La Loi sur la laïcité de l’État, qui interdit notamment aux enseignants de porter des signes religieux, a eu pour effet d’exacerber le sentiment d’être victime de racisme chez des mères de la communauté maghrébine, a observé une chercheuse dans le cadre de son projet de recherche de maîtrise.

Étudiante en sciences de l’Éducation à l’Université de Montréal, Hana Zayani s’est intéressée à ce qu’ont vécu des mères d’origine maghrébine dans les écoles après l’adoption de la Loi 21, en 2019. Elle a présenté ses résultats lundi dans le cadre du 90congrès de l’Acfas, qui se déroule à Montréal cette semaine.

Les dix femmes – dont la moitié portent le voile – ont des enfants qui fréquentent des écoles publiques montréalaises. Elles ont participé à des entretiens dirigés.

Si toutes les participantes ont affirmé d’emblée que l’intégration de leurs enfants à l’école n’était pas difficile, elles observent de leurs expériences que « le racisme au Québec semble être subtil et indirect ».

« La Loi 21 a beaucoup impacté leur relation avec l’école », estime Hana Zayani. Les femmes, dit-elle, ont rapporté avoir vécu plus de situations de racisme dit « ordinaire » après l’adoption de cette loi, du racisme qui provient généralement des adultes.

Le racisme ordinaire est « du racisme subtil », explique Mme Zayani. « On a l’impression que c’est du racisme, mais on n’a pas de preuves. Ce sont, par exemple, de longs délais d’attente [pour obtenir un service]. Des éducatrices de service de garde qui surveillent davantage des élèves que d’autres », illustre-t-elle.

De leurs expériences à l’école, des mères observent que « des parents n’acceptent pas que leurs enfants invitent des immigrants à leurs fêtes ». Une autre raconte qu’elle a longuement dû expliquer à un autre parent les raisons pour lesquelles elle porte le voile. « Parce que je couvre les cheveux, c’est égal à une femme opprimée, égal à une femme qui n’a pas de droit, c’est automatiquement ça », a-t-elle confié à la chercheuse.

Pour protéger leurs enfants, mais aussi elles-mêmes, des femmes ont témoigné avoir décidé d’utiliser un autre nom que le leur.

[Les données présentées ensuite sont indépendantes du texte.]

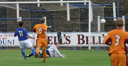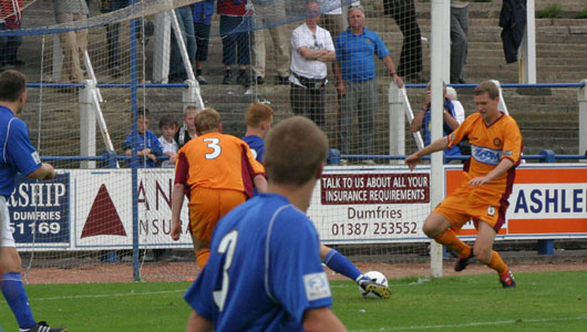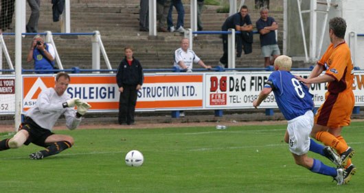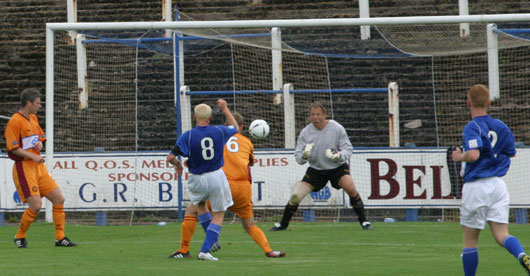 The game started out quite quietly and there was very little to report as both sides cancelled themselves out in the middle of the park. It all changed with the sending off of Clarkson in twenty minutes however as Queens exploited their superior numbers to great effect and opened the scoring just a few minutes later. The ever alert David McNiven picked up a ball on the edge of the Motherwell box and strode forward before lashing the ball under the out-rushing Gordon Marshall. A minute later and an English whipped in cross ball was well held by Marshall again as he beat the Queens forwards to cut out the cross.

Si elles le font, c’est « parce que c’est le seul indice de leur appartenance. Le fait de se donner un autre nom les fait passer inaperçues », explique l’étudiante à l’Université de Montréal.

D’autres décident d’enlever leur voile, comme Sonia qui, « en instance de divorce […] ne veut pas [que ses enfants] subissent en plus de la discrimination à l’école due au fait que leur mère porte un voile », écrit la chercheuse dans son mémoire de maitrise.

Sur le projet de Loi 21, certaines participantes ont jugé qu’elle ciblait particulièrement les femmes musulmanes et ont exprimé leur incompréhension de voir, par exemple, des signes religieux ailleurs dans les écoles.

Une mère dit qu’elle « comprend que certains parents ont peur qu’on influence leurs enfants ». « Je veux dire que c’est très légitime de leur part et je comprends », mais comme d’autres, elle craint néanmoins que cette loi « présente un premier pas vers une laïcité ferme comme celle de la France ».

Tunisienne d’origine, elle-même voilée, Hana Zayani poursuit actuellement un doctorat qui se penchera sur ce que vivent les élèves musulmans dans les écoles publiques québécoises.